Othmar Wess on Thursday, 05 April 2012 06:28

From a physical point of view the paper of Zhou, Qin and Zhong is very interesting since it investigates for the first time a unique detail of electrohydraulically (EH) generated shock waves, the characteristics of secondary bubble clusters (SBC) produced by the Dornier HM3 lithotripter. The in vitro generation of a SBC is a unique feature of an EH shock wave lithotripter and is checked for its potential effect on stone fragmentation. According to Zhou et al. SBC are claimed to enhance stone fragmentation in vitro and cause "the performance difference between electrohydraulic and electromagnetic, piezoelectric lithotripters", (meaning "superior performance of the HM3 vs. all other lithotripsy devices")

We cannot follow this conclusion since at least one electromagnetic (EM) device has proven at least equally effective or even slightly superior.

Up to our best knowledge, there is only one single studyi comparing the in vitro fragmentation efficiency of different shock wave lithotripters (including HM3) with respect to different types of urinary calculi. This study does not support the above conclusion. Performance studies in vivo provide an ambivalent picture and show better and less good results for all investigated devices (including HM3) mostly dependent on the treatment strategies, skills and care of the operator.
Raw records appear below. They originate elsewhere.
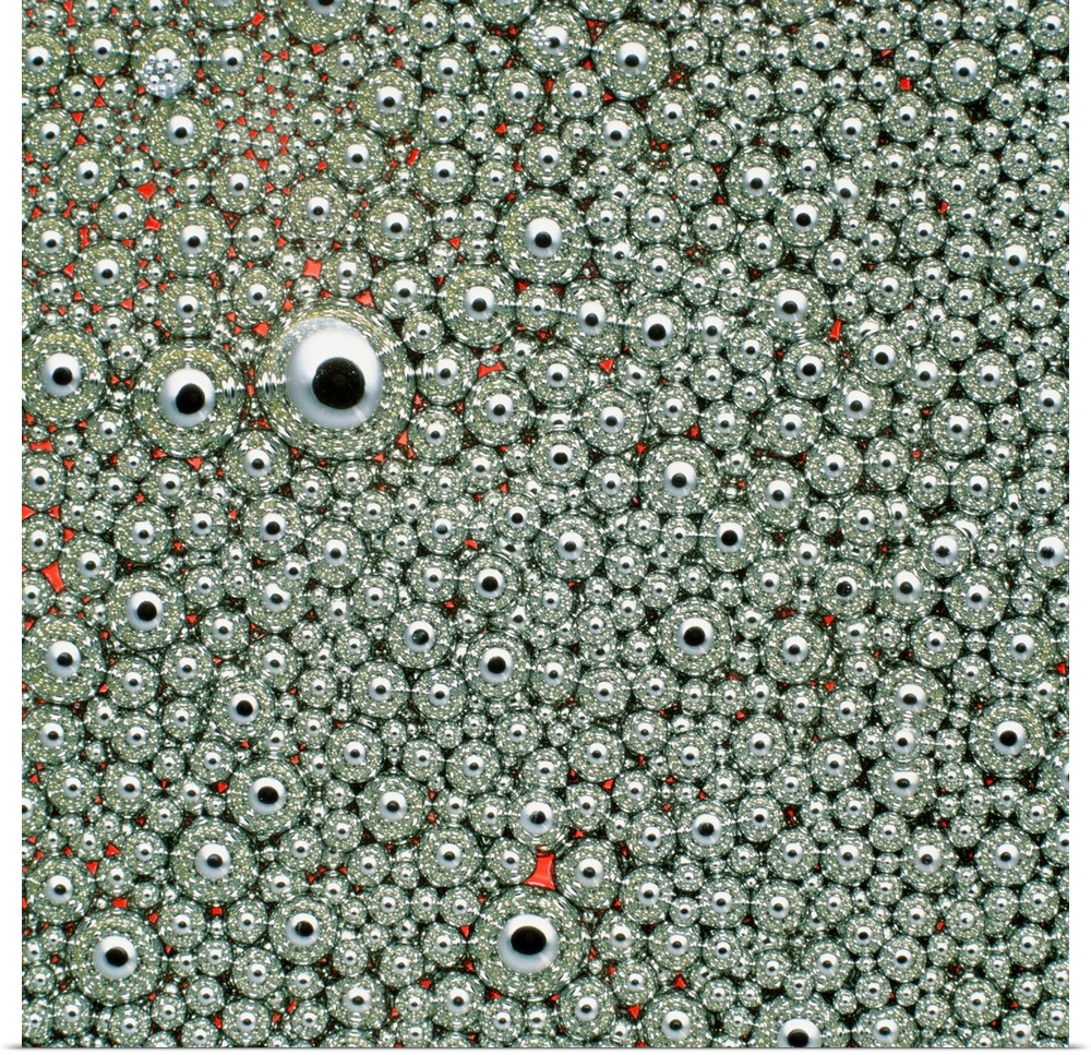 <p>Macrophotograph of small droplets of mercury, which are suspended in oil to prevent them from fusing together.</p>
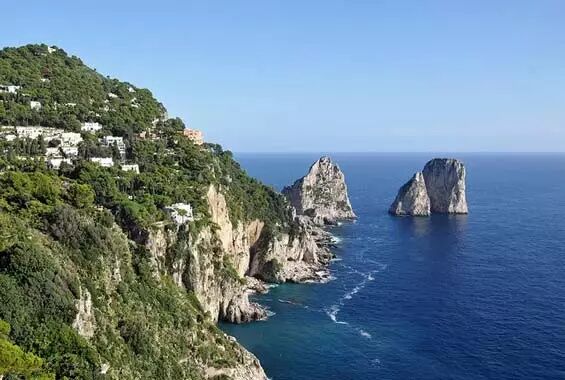 卡普里岛是一个富有神话和历史气息的岛屿,位于那不勒斯湾。据说,演奏迷人的歌曲的汽笛声会引诱水手至此,在这里,他们会丧生。罗马皇帝提比略一直住在这里直到他在公元37年去世时。朱庇特别墅作为皇室住所,是岛上最热门的景点之一。Capri岛最有名的自然景点是蓝洞,它是一个潮汐平稳时,人们可以乘船前往的滨海洞穴。洞口洒下的阳光使水面泛着宝石蓝。从卡布里(Anacapri)城到索拉罗山山顶,骑着架空滑车是人们最喜爱的活动。15分钟的旅程中,你会享受到岛屿和大海的壮丽景色。
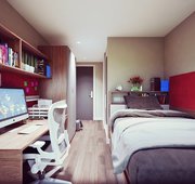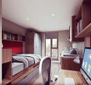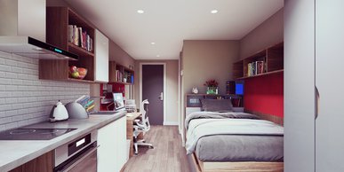 Self-contained studio with bedroom kitchen, breakfast bar and bathroom Dual occupancy available Small double bed Underbed storage, wardrobe, personal study space with desk and chair. Self-contained kitchen and bathroom 18 - 20m² approximately
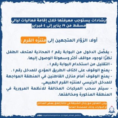 الشرطة تطلق إرشادات يستوجب معرفتها خلال إقامة فعاليات ليالي مسقط 2023
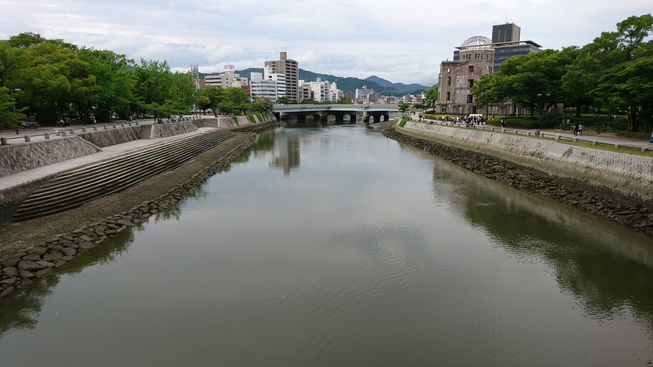 8月6日夜には犠牲者を弔う灯籠流しがおこなわれるところはこの河川です。
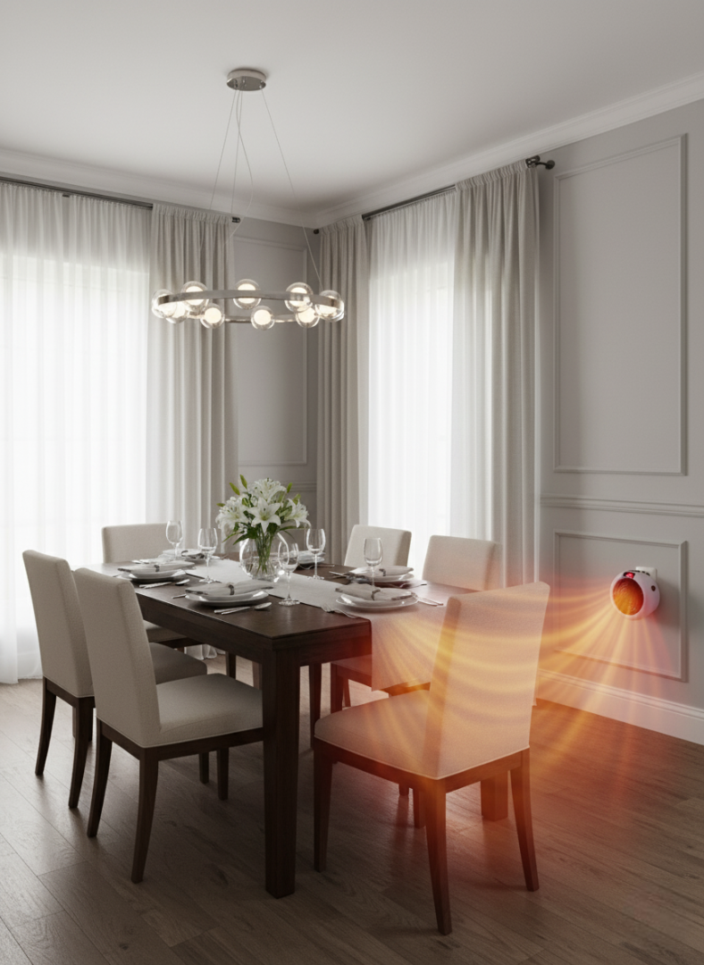 El calefactor combina rendimiento, elegancia y practicidad. Ya sea en el dormitorio, la oficina o el salón, proporciona una calidez envolvente con un diseño que se integra perfectamente en la decoración del hogar.
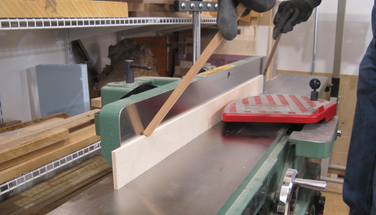 To get the frame pieces down to the final size of 0.75" square, I first jointed two adjacent sides so they were flat and square with each other. Then with these flat surfaces down, they went through the planer to get them to the final size. Usually I need to worry about planer-caused snipe where the ends get thinned a bit more than the rest of the board but for my non-critical application I was able to ignore this 0.005" difference.
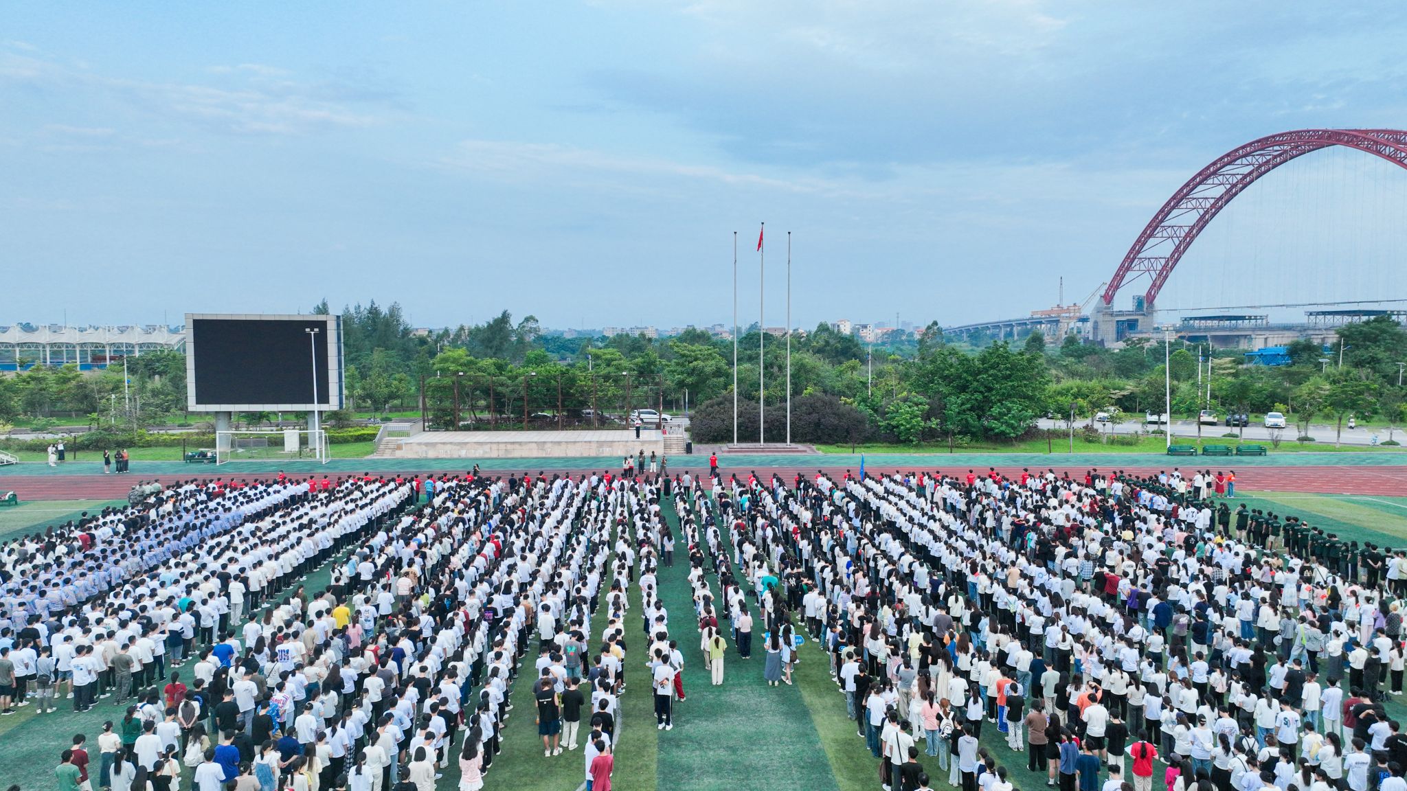 “我和我的祖国,一刻也不能分割……”在五星红旗下,在场全体师生共唱《我和我的祖国》,歌声悠扬响彻校园,表达对祖国的深情祝福。师生们纷纷表示,国旗下民族自豪感和爱国情怀油然而生,将以更加饱满的热情和更坚定的信念,为新时代强国建设贡献湾大力量,共谱盛世华章。(吴佳潞 韦巧丽 摄)
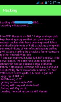hacker app which allows you to pretend to break the password of all networks nearby.This app may look like can hack any wep, wap-psk or any other encryption.The app will catch all the available Wifi networks nearby you.Just have fun with your friends and family.This app simulates hacking and cracking any wireless encrypted network and router.Wifi hacker
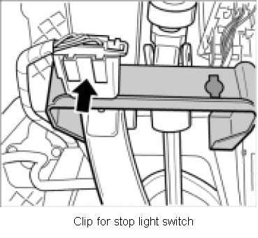 3. Remove the holder for the stop light switch and unclip the connector -arrow-.
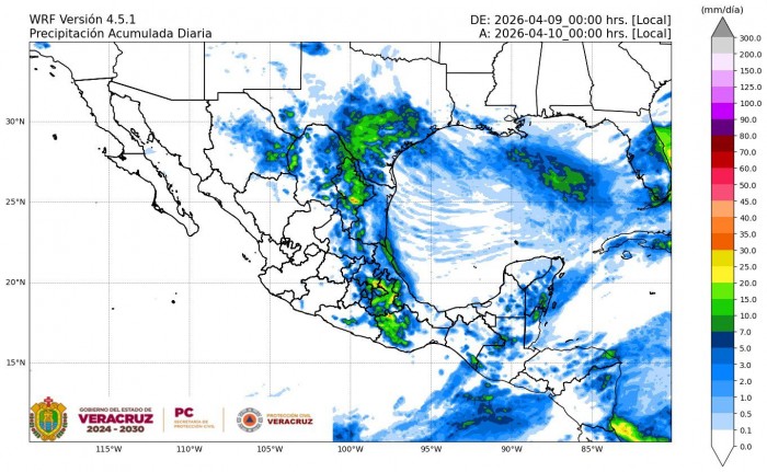 Xalapa, Ver. (AVC).— Persistirá la probabilidad de lluvias ligeras a moderadas en Veracruz durante este jueves, con mayor intensidad en la región montañosa central, de acuerdo con el pronóstico meteorológico.
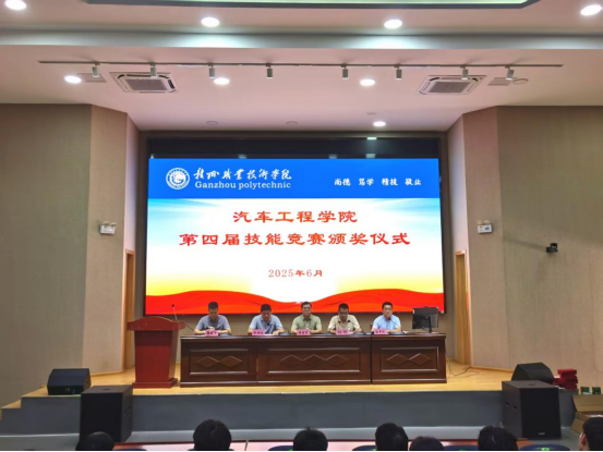 6月13日下午,汽車工程學院第四屆技能競賽頒獎儀式在公共實訓中心報告廳舉行。學校黨委委員、組織部部長溫繼榮,汽車工程學院全體老師、獲獎學生及24級學生代表等共計300余人參加了此次頒獎儀式。
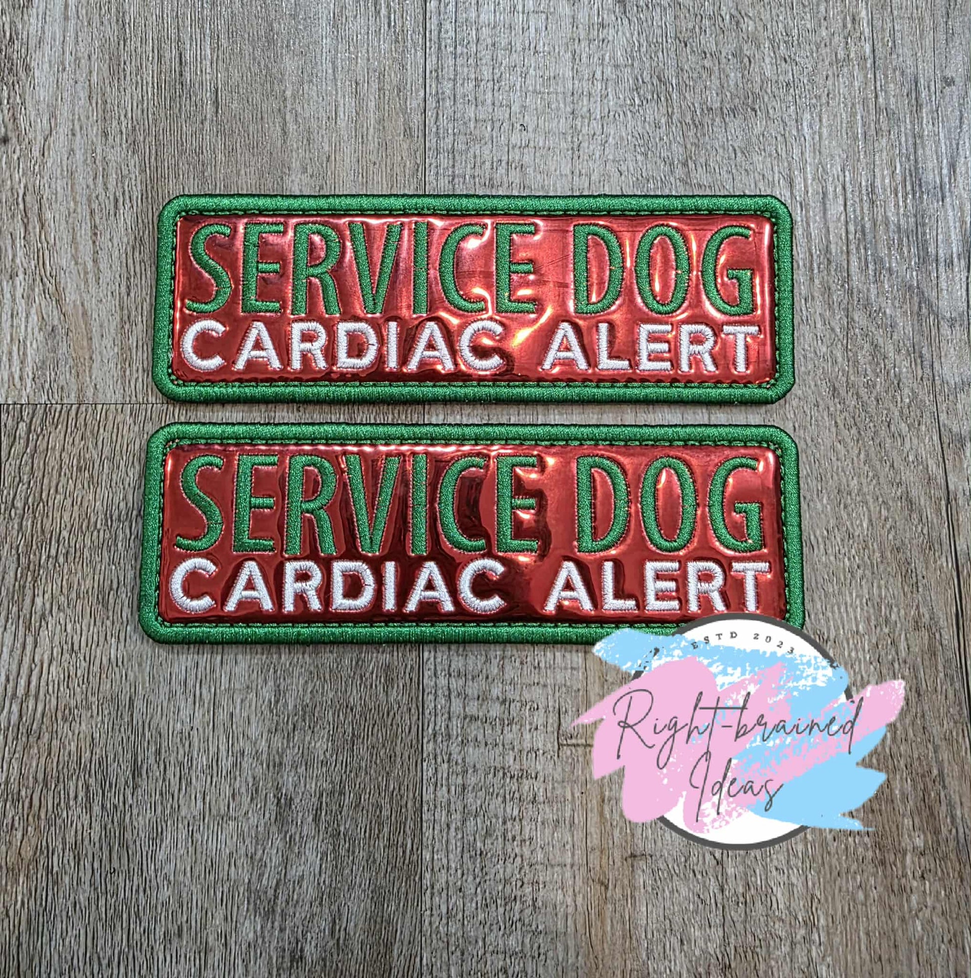 (2) 6in x 2in red metallic vinyl rectangular patches: "Service Dog" in satin green and "Cardiac Alert" in white.

Coupling e.g. is a critical point requiring special care in most of to dates "dry" machines compared to the open bathtub of the HM3. These and other handling differences are of major importance for successful stone fragmentationii iii and are deemed to outweigh minor differences of shock wave fields as investigated by Zhou et al..

No question, the nice laboratory experiments shin some additional light on previously neglected details of EH generated shock wave fields.

The impact thereof on in vitro and in vivo lithotripsy, however, is questionable (see above), and mostly academic since the HM3 is out of production for more than a decade.

Othmar Wess


i Teichman J, Portis A, Cecconi P, Bub W, Endicott R, Denes B, Pearl M, Clayman R: In vitro comparison of shock wave lithotripsy machines, The Journal of Urology Vol. 164, 1259-1264, October 2000

ii Tiselius HG, Chaussy CG: Aspects on how extracorporeal shockwave lithotripsy should be carried out in order to be maximally effective. Urol Res. 2012 Jun 27. [Epub ahead of print]

iii Bohris C, Roosen A, Dickmann M, Hocaoglu Y, Sandner S, Bader M, Stief CG, Walther S.Monitoring the coupling of the lithotripter therapy head with skin during routine shock wave lithotripsy with a surveillance camera. J Urol. 2012 Jan;187(1):157-63. Epub 2011 Nov 17.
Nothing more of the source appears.